Sintia dan Riko dengan kompak menjawab iya seraya menganggukkan kepala. Barulah Pak Kirun membagi sedikit kejadian yang terjadi di Panti jompo Muara Hati.
"Kejadian yang sangat berbekas itu memang sudah lama terjadi. Kira-kira hampir sepuluh tahun yang lalu. Terjadi kebakaran di gedung sebelah, yang biasa ditempati para orang tua laki-laki. Saat itu Panti tersebut masih dalam keadaan jaya, banyak donatur yang menyumbang. Meski tak banyak lagi keluarga dari para lansia disana yang datang menjenguk. Bu Mariyati selalu berusaha mencari dana untuk membiayai kebutuhan para lansia yang ia jaga. Kejadian itu begitu cepat, disaat Bu Mariyati tak ada di Panti terjadi kebakaran yang menewaskan hampir semua penghuni. Yang tersisa hanya beberapa orang tua, jumlahnya tak sampai sepuluh orang dengan beberapa pekerja. Malang memang nasib para lansia itu, sudah keluarga nya tak ada yang perduli. Tempat mereka bernanung di hari tuanya justru terbakar, api saat itu merambat dengan cepat di halaman belakang, tempat para lansia perempuan dan laki-laki istirahat santai. Saat itu Bu Mariyati sedang mencari donatur, untuk membayar pekerja yang membantu nya di Panti. Tapi saat ia kembali, justru kepahitan yang diterimanya. Untung tak semua gedung terbakar, masih ada bangunan yang ditempati para lansia perempuan. Dan karena kejadian itu, Bu Mariyati sempat depresi sehingga tak bisa menjalankan Panti itu dengan baik. Sampai akhirnya kepemimpinan nya di ambil alih oleh adiknya sendiri. Tapi semenjak itu, saya dengar Panti tak bisa menampung banyak lansia lagi. Mungkin mereka hanya merawat para orang tua yang tersisa, yang saya bilang selamat tak sampai sepuluh orang itu loh dek."

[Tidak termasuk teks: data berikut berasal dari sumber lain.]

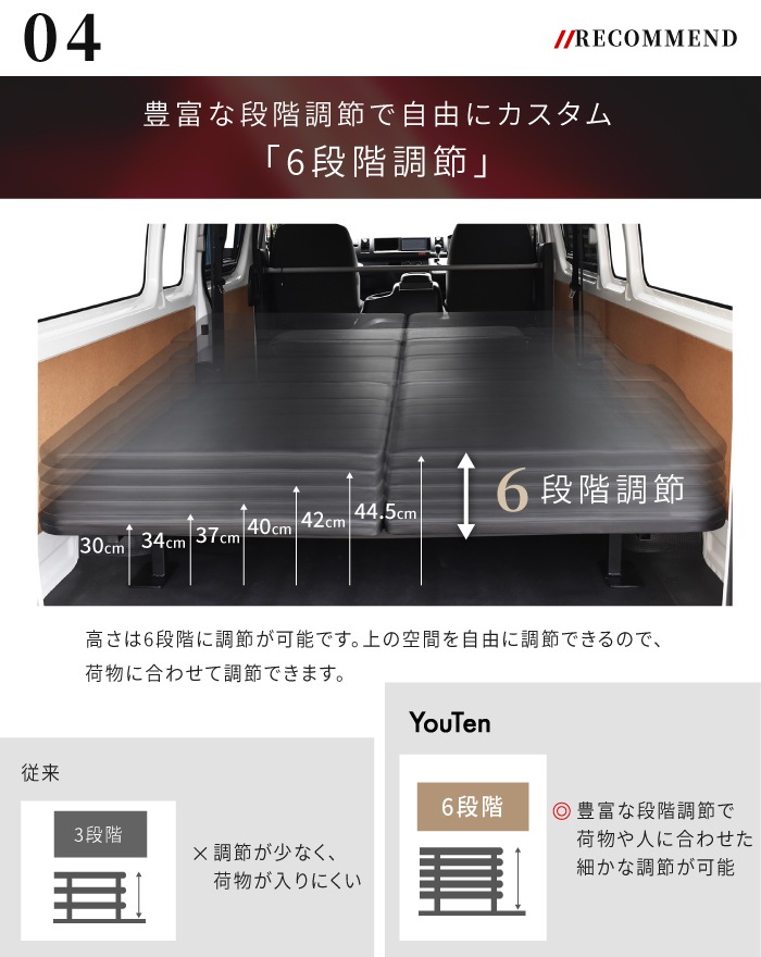 ハイエース 200系 標準 S-GL 1型〜7型 全年式 ベッドキット 高さ段階 6段階 ベッド ベットキット キット HIACE 車中泊マット 棚 板 収納 収納棚 格納 荷台 荷室 荷室棚 DIY フロアボード パネル 200 内装 GL ハイエースベッド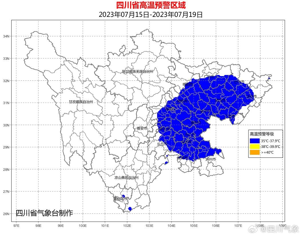 四川省气象台14日16时发布高温蓝色预警:15日到19日,广安、南充、遂宁、资阳、内江、自贡6市和广元、绵阳、德阳、成都、眉山、乐山6市东部,巴中、达州2市南部,宜宾、泸州2市北部的部分地方日最高气温可达35℃或以上,局部地方将超过38℃。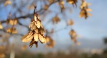 Dann wird zuerst eine kleine bunte Holzperle aufgefädelt. Zur Aufreihung der Ahornsamen benötigt jedes Kind nun ein Schneidebrett, das es vor sich auf den Tisch legt. Darauf wird nun nacheinander ein Ahornsamen gelegt und an der rundlichen Verdickung mit der Nadelspitze durchbohrt und aufgereiht. Nachdem alle Samen auf der Wolle ihren Platz gefunden haben, wird das Fadenende zur Hälfte gelegt und eine Schlaufe geknotet. Mit deren Hilfe lässt sich diese interessante Deko am Fensterrahmen befestigen.

"Lantas bagaimana kelanjutannya Pak? Kenapa sekarang Bu Mariyati bisa menjadi pengelola Panti itu lagi?" Ucap Sintia wajahnya nampak serius mendengarkan cerita Pak Kirun.

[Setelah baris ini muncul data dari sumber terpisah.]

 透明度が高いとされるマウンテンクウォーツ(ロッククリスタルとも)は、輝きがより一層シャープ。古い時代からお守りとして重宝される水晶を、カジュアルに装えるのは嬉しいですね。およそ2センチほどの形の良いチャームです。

"Ya mau bagaimana lagi, bangunan Panti itu memang sebenarnya milik pribadi dari mendiang suaminya Bu Mariyati. Jadi ya setelah dia sembuh, Bu Mariyati sendiri yang menempati nya." Kata Pak Kirun seraya menghentikan laju delmannya.

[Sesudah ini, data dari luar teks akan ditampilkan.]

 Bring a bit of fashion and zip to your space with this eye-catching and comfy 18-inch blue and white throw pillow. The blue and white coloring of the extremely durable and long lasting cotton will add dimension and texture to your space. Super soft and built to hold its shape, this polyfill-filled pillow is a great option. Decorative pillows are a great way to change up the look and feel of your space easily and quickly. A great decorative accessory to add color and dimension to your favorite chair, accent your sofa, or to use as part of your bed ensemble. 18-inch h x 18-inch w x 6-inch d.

"Wah gak kerasa sudah sampai pasar, padahal ceritanya belum selesai ya Pak." Keluh Riko menggelengkan kepala.
"Hahaha. Santai saja dek, nanti bisa kita lanjutkan. Saya tunggu agak jauh dari Pasar ya, dibawah pohon beringin besar itu!" Kata Pak Kirun seraya menunjuk ke arah utara Pasar.
"Gak di dalam Pasar aja Pak?"
"Wah jangan dek, takut kudanya buang hajat malah bikin kotor Pasar."
Setelah itu Sintia dan Riko membeli beberapa bahan pokok makanan. Ia juga diminta membeli bunga tujuh rupa dengan dupa beserta kemenyan.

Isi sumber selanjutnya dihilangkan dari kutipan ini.